- _Exercise prompt_: Exactly the lines from the one with "Teori kecerdasan pelbagai howard gardner." through the end of the records below are needed, minus any pictures.

[Recorded data]
****************

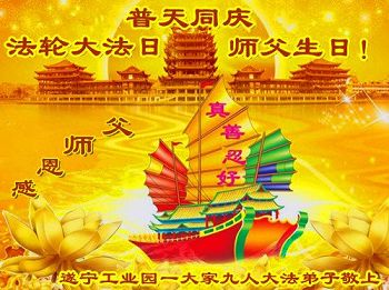 【明慧网二零一七年五月八日】 四川遂宁工业园区一大家九人大法弟子恭祝慈悲伟大的师父生日快乐!同庆法轮大法日!
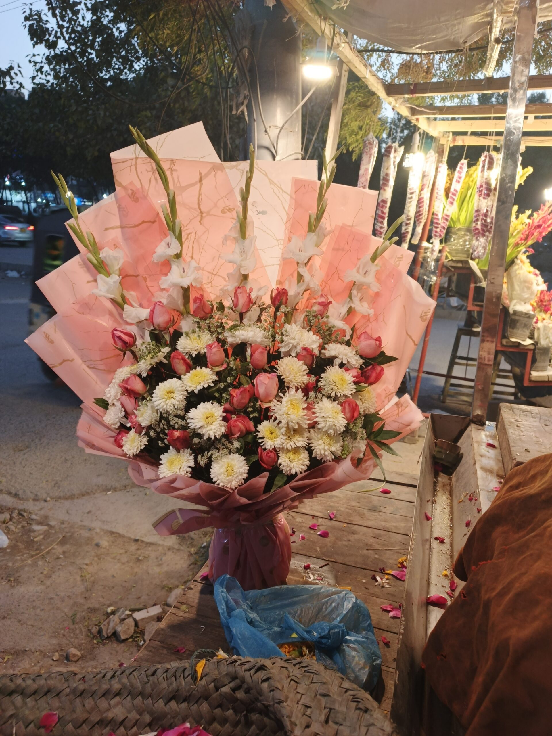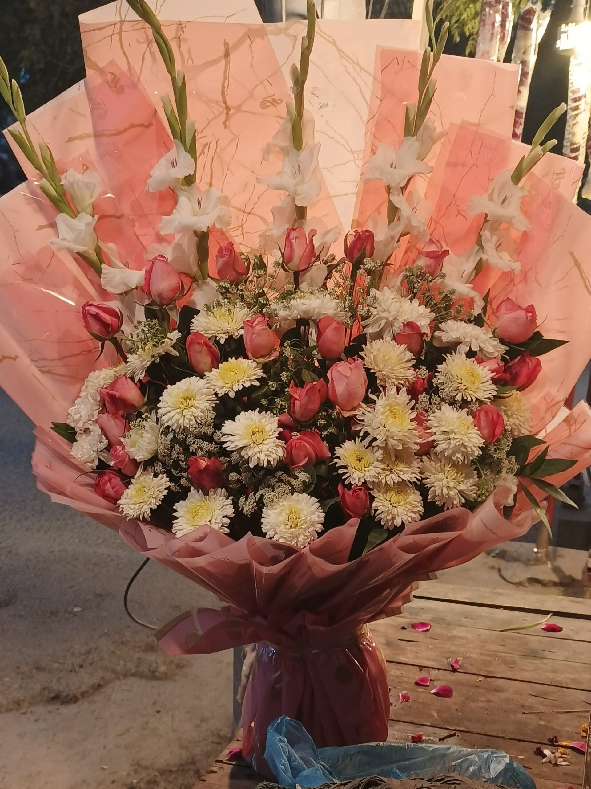 A beautiful mixed flower bouquet featuring fresh roses, chrysanthemums, and gladiolus, elegantly wrapped in a soft peach marble paper — perfect for birthdays, anniversaries, celebrations, and heartfelt surprises.
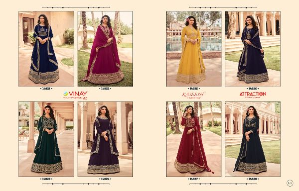 Vinay Presents Kassesh Attraction 14821 - 14828 Series Fancy Designer Georgette With Embroidery Work Fancy Party Wear Long Gown Collection
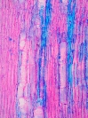 Morphology H, 20 - 100cm Ecology subalpine zone, moist site Chorology W-Alps Xylem Distinct rings, semi-ring porous, vessels solitary, in groups, in radial multiples, simple perforations, paratracheal parenchyma, thin walled marginal parenchyma, ray width 3-6 cells, Xylem-Code Phloem No tangential layers of collapsed sieve cells, radial rows of parenchyma cells, distinct ray dilatations, groups of sclereids in cortex. Remarks Champex, Botanical Garden, Valais, Switzerland Explanations For explanations please see the Feature Characteristics. | Cross section Tangential section Radial section Bark | |
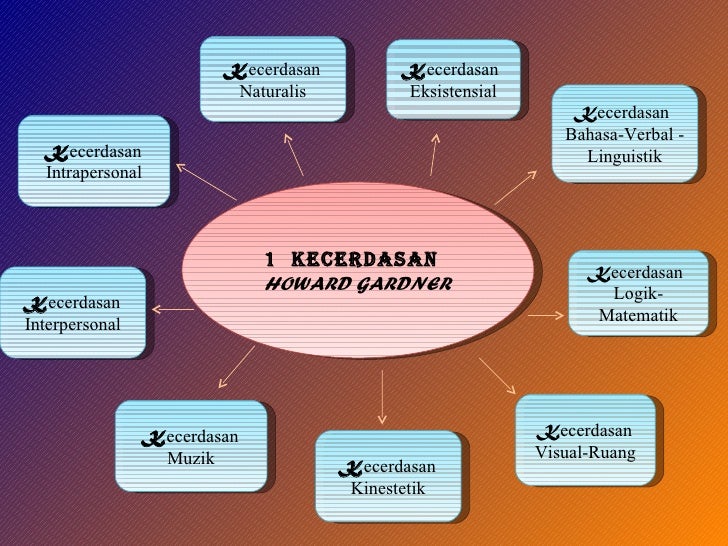 Teori kecerdasan pelbagai howard gardner. Menurut gardner manusia mempunyai kesemua lapan kecerdasan. Beliau mengemukakan lapan kecerdasan manusia yang dapat diperkembangkan sepanjang hayat. Maksudnya setiap orang memilki bermacam macam kecerdasan tetapi dengan kadar pengembangan yang berbeda. Teori kecerdasan pelbagai howard gardner teori pelbagai kecerdasan telah dikemukakan oleh howard gardner 1983.
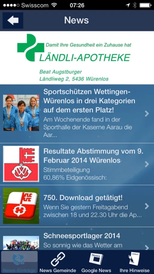 Würenlos Info: Das Informations-App für die Einwohner von Würenlos, betreut von J.Berger Engineering GmbH, Petra und Jürgen Berger-Russi, Würenlos.
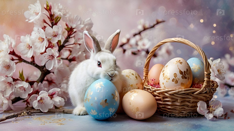 Нежные пасхальные яйца, белый кролик и вишневые ветви на фоне пастельного акварели с нежными полосками

****************

- _Exercise solution_:
 Teori kecerdasan pelbagai howard gardner. Menurut gardner manusia mempunyai kesemua lapan kecerdasan. Beliau mengemukakan lapan kecerdasan manusia yang dapat diperkembangkan sepanjang hayat. Maksudnya setiap orang memilki bermacam macam kecerdasan tetapi dengan kadar pengembangan yang berbeda. Teori kecerdasan pelbagai howard gardner teori pelbagai kecerdasan telah dikemukakan oleh howard gardner 1983.
 Würenlos Info: Das Informations-App für die Einwohner von Würenlos, betreut von J.Berger Engineering GmbH, Petra und Jürgen Berger-Russi, Würenlos.
 Нежные пасхальные яйца, белый кролик и вишневые ветви на фоне пастельного акварели с нежными полосками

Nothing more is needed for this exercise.